When balance returns to `0`, we found the matching closing parenthesis.

## Algorithm

For a string `s`:

1. If `s` is empty, return `None`.
2. Parse the root integer from the beginning.
3. Create the root node.
4. If no parentheses remain, return the node.
5. Find the substring for the left subtree.
6. Recursively build the left child.
7. If another subtree exists, recursively build the right child.
8. Return the root.

## Correctness

The algorithm first parses the root value, which is always the prefix integer of the current subtree string.

After parsing the value, any remaining content consists of zero, one, or two parenthesized subtree strings. The first parenthesized substring represents the left subtree. The optional second parenthesized substring represents the right subtree.

The parenthesis balance scan finds the exact boundary of the left subtree because it tracks nested parentheses correctly. When the balance returns to zero, the current closing parenthesis matches the opening parenthesis of the subtree.

The recursive call receives exactly the substring corresponding to that subtree. By induction, the recursive call correctly constructs the subtree represented by that substring.

The same logic applies to the right subtree.

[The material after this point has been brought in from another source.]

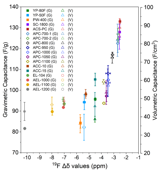 圖 S17:五種選定碳材料的¹?F NMR譜圖及其在離子液體中重量比電容與¹?F Δδ值的關(guān)聯(lián)關(guān)系

Therefore, the constructed node has the correct value, correct left child, and correct right child. Since recursion processes every subtree correctly, the entire tree is reconstructed correctly.

## Complexity

Let `n = len(s)`.

| Metric | Value | Why |
|---|---:|---|
| Time | `O(n^2)` worst case | Substring creation and repeated scans |
| Space | `O(n)` | Recursion depth and substrings |

The repeated substring slicing causes the quadratic worst case.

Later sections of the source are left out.